The dark matter of genome

It has three billion base pairs but only about two per cent of the human genome codes for proteins. In a two part series, Pawan Dhar tries to understand what the remaining bulk of the human genome is doing? Is it a genetic graveyard or a cryptic instruction manual that ensures survival of the species?

doi:10.1038/nindia.2013.10 Published online 24 January 2013

The recent ENCODE (Encyclopedia of DNA Elements) project has thrown new light on the dark matter of genome – traditionally labelled junk. It turns out that more than 80 per cent of the human 'non-protein coding' genome is biologically active and impacts the expression of genes in the neighbourhood.

The dark matter

Susumu Ohno introduced the term 'junk DNA' in 1972 to describe DNA sequences that did not encode for proteins. Over time, the phrase 'junk' got reworded to 'non-coding' and represents sequences that code for RNA but not protein molecules.

Despite advances in genome sequencing, a majority of the human genome remained uncharacterized. Only a tiny two per cent of genome was found to 'do something'. The bulk — approximately 98 per cent genome — with unclear function came to be called 'dark matter'.

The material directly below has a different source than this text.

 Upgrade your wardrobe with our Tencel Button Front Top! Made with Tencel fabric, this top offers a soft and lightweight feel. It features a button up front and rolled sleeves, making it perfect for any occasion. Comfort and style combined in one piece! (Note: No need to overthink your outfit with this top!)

This view of genome persisted for many years. Due to paucity of relevant data, the 'dark matter of genome' was considered an evolutionary relic. Things changed when the human genome sequencing project was launched.

The Human Genome Project

The project resulted in a high quality map of the human genome showing about 20,500 protein coding regions. The genomic landscape had an extensive arrangement of duplicated regions. The dark matter had just started getting visible.

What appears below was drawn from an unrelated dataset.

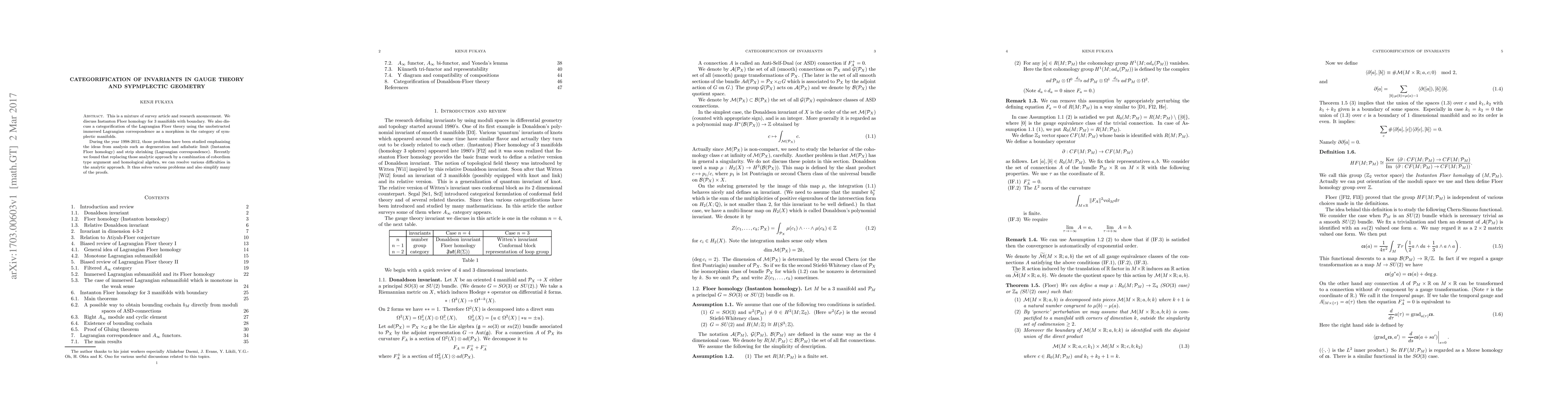 This is a mixture of survey article and research anouncement. We discuss Instanton Floer homology for 3 manifolds with boundary. We also discuss a categorification of the Lagrangian Floer theory using the unobstructed immersed Lagrangian correspondence as a morphism in the category of symplectic manifolds. During the year 1998-2012, those problems have been studied emphasising the ideas from analysis such as degeneration and adiabatic limit (Instanton Floer homology) and strip shrinking (Lagrangian correspondence). Recently we found that replacing those analytic approach by a combination of cobordism type argument and homological algebra, we can resolve various difficulties in the analytic approach. It thus solves various problems and also simplify many of the proofs.

However, another major effort was needed to make sense of the large non-protein tracts of human genome. This led to the launch of ENCODE, an "Encyclopedia of DNA Elements".

The ENCODE project

The goal was to catalogue every nucleotide in the genome that is doing "something"! This was the first major effort to systematically study dark matter at very high resolution.

It involved more than 440 scientists from 32 groups around the world who studied 147 cell types resulting in 1648 experiments in the past five years1. The findings appeared in more than 30 scientific papers. Some of the results of ENCODE project were not so obvious and some were along expected lines. In summary:

1. A large number of non-protein coding regions were found to control protein coding genes. These regions also showed strong association with disease outcomes.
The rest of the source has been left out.